## What is expected
Copy exactly, and only, the lines from the line containing "PSA/DNA authentication holder." through the last line of the records below, both included, and leave out any pictures.

++++++++++++++++++++

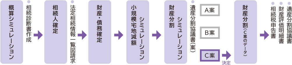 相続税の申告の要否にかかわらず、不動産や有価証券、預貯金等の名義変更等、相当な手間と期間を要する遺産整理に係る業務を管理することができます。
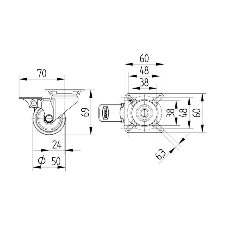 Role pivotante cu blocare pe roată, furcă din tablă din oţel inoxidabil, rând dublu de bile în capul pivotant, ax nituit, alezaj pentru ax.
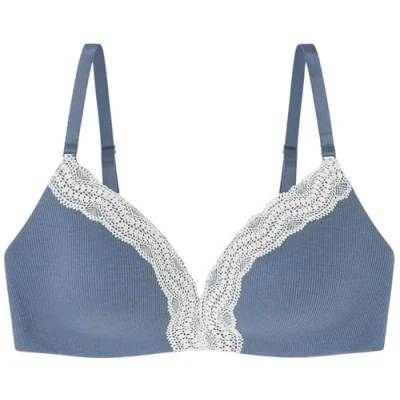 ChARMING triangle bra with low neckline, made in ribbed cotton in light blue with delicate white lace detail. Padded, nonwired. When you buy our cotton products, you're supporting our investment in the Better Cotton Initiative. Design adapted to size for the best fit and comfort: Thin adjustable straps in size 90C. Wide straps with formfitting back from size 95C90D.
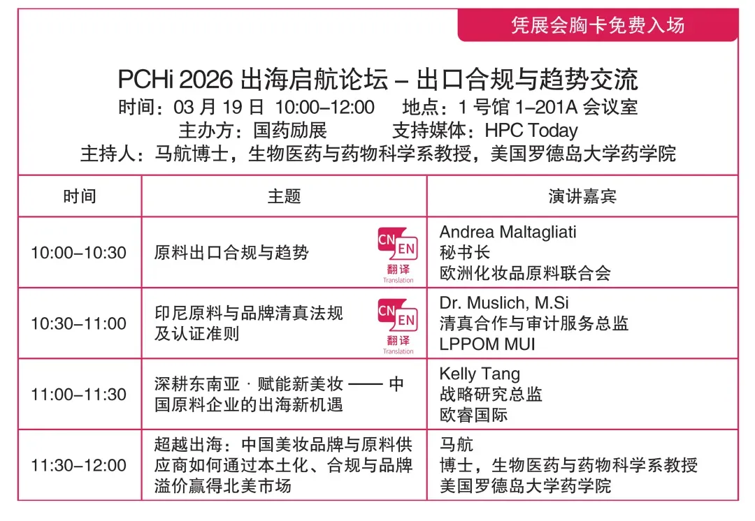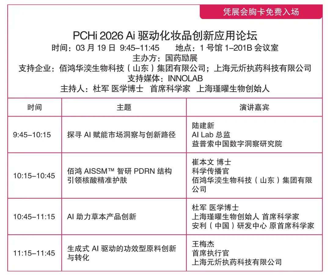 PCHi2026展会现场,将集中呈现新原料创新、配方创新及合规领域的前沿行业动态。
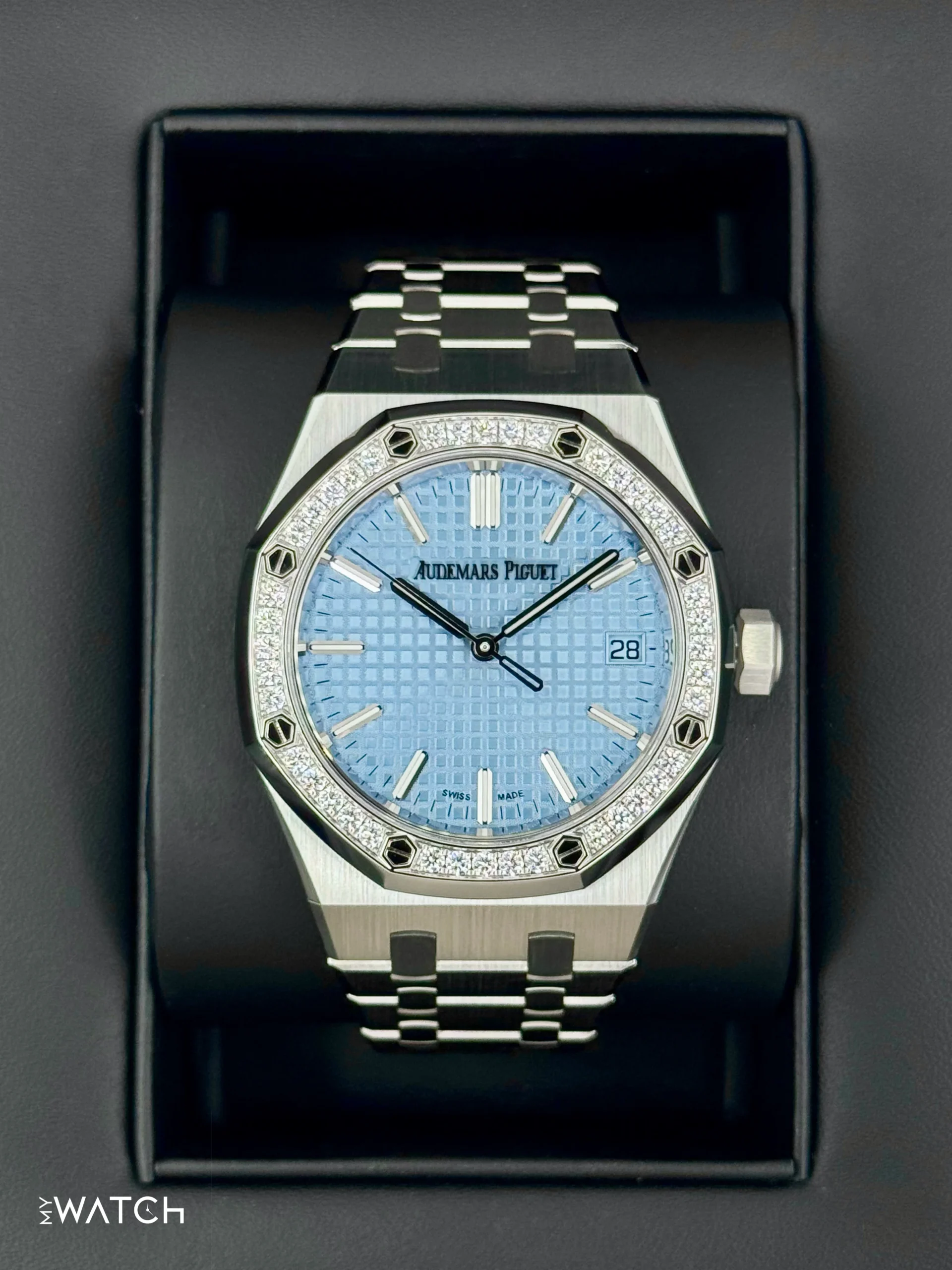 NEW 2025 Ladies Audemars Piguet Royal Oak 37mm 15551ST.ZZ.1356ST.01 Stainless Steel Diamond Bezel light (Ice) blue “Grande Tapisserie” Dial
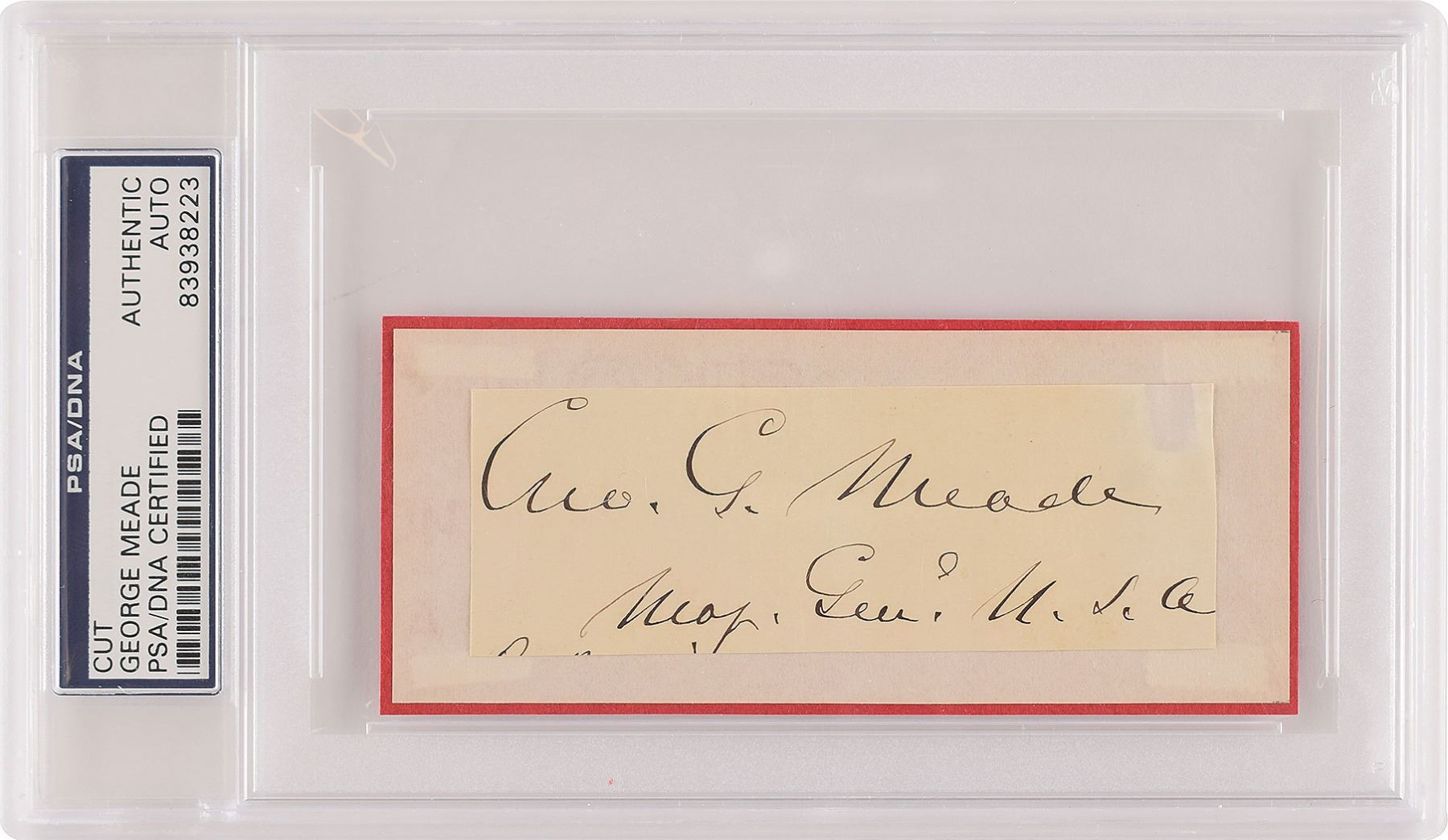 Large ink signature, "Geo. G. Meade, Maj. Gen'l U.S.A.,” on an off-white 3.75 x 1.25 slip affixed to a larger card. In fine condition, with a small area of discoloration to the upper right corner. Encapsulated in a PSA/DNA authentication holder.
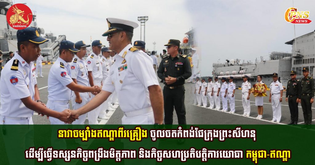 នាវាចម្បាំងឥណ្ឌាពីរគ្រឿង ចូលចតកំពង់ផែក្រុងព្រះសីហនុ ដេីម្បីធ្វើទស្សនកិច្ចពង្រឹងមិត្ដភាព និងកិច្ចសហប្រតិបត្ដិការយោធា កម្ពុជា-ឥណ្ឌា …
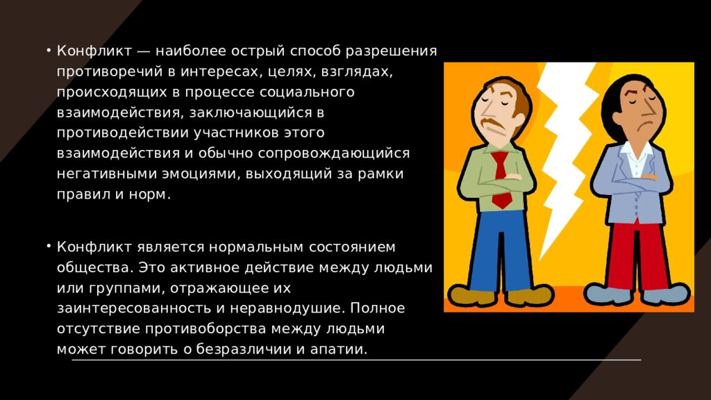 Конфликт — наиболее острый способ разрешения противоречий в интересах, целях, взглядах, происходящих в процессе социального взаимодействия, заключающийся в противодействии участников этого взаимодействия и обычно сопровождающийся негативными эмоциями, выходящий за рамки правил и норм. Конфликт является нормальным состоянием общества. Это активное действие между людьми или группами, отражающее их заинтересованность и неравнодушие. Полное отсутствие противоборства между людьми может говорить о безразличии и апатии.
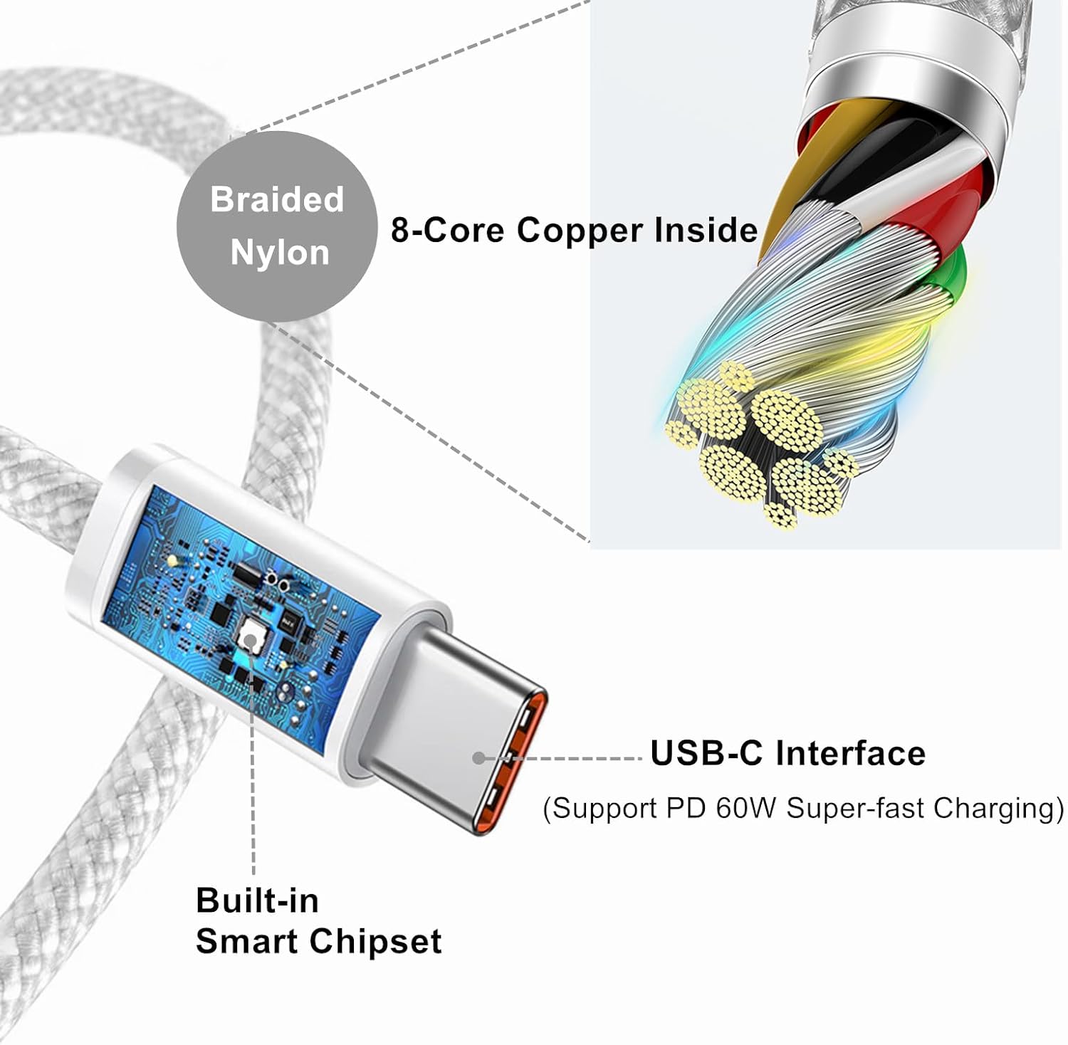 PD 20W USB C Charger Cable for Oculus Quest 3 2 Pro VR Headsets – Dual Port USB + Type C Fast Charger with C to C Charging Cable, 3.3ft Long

++++++++++++++++++++

## Your response
 Large ink signature, "Geo. G. Meade, Maj. Gen'l U.S.A.,” on an off-white 3.75 x 1.25 slip affixed to a larger card. In fine condition, with a small area of discoloration to the upper right corner. Encapsulated in a PSA/DNA authentication holder.
 នាវាចម្បាំងឥណ្ឌាពីរគ្រឿង ចូលចតកំពង់ផែក្រុងព្រះសីហនុ ដេីម្បីធ្វើទស្សនកិច្ចពង្រឹងមិត្ដភាព និងកិច្ចសហប្រតិបត្ដិការយោធា កម្ពុជា-ឥណ្ឌា …
 Конфликт — наиболее острый способ разрешения противоречий в интересах, целях, взглядах, происходящих в процессе социального взаимодействия, заключающийся в противодействии участников этого взаимодействия и обычно сопровождающийся негативными эмоциями, выходящий за рамки правил и норм. Конфликт является нормальным состоянием общества. Это активное действие между людьми или группами, отражающее их заинтересованность и неравнодушие. Полное отсутствие противоборства между людьми может говорить о безразличии и апатии.
 PD 20W USB C Charger Cable for Oculus Quest 3 2 Pro VR Headsets – Dual Port USB + Type C Fast Charger with C to C Charging Cable, 3.3ft Long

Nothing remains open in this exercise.